■ Directions
Once you find the line with "Referee Alexandre PERREAU" in the entries below, print it and each line after it up to and including the line with "融资方面,当日融资买入16.", exactly, without pictures.

■ Records to use
Start of Block
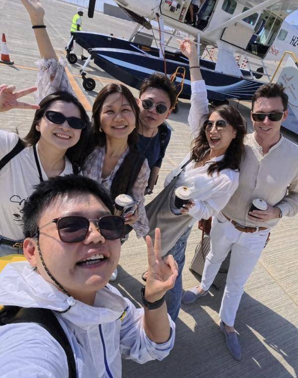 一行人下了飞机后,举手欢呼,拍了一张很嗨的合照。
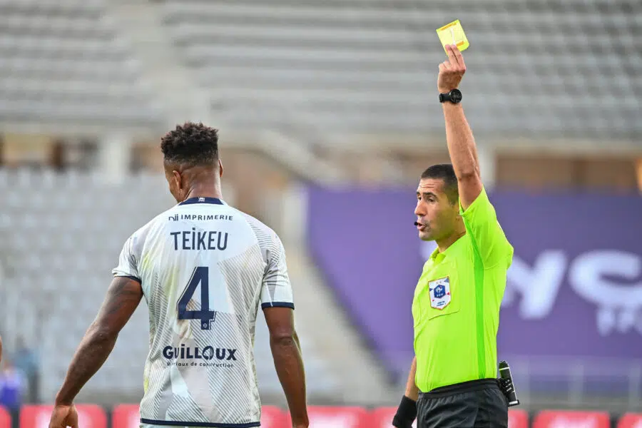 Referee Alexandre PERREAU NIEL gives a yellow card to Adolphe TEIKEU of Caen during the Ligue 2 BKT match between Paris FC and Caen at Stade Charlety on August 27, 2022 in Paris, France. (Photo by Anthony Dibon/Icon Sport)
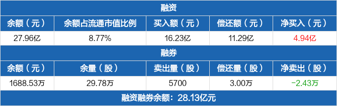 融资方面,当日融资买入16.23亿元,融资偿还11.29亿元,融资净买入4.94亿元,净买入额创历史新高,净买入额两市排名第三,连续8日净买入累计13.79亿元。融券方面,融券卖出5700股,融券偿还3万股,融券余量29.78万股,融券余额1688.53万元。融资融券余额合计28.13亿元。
End of Block
Start of Block
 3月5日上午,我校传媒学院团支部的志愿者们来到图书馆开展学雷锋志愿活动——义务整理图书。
End of Block
Start of Block
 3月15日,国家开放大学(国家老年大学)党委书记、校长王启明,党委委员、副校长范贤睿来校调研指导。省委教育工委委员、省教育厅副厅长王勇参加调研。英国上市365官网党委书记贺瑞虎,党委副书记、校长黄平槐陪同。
End of Block
■ Expected answer
 Referee Alexandre PERREAU NIEL gives a yellow card to Adolphe TEIKEU of Caen during the Ligue 2 BKT match between Paris FC and Caen at Stade Charlety on August 27, 2022 in Paris, France. (Photo by Anthony Dibon/Icon Sport)
 融资方面,当日融资买入16.23亿元,融资偿还11.29亿元,融资净买入4.94亿元,净买入额创历史新高,净买入额两市排名第三,连续8日净买入累计13.79亿元。融券方面,融券卖出5700股,融券偿还3万股,融券余量29.78万股,融券余额1688.53万元。融资融券余额合计28.13亿元。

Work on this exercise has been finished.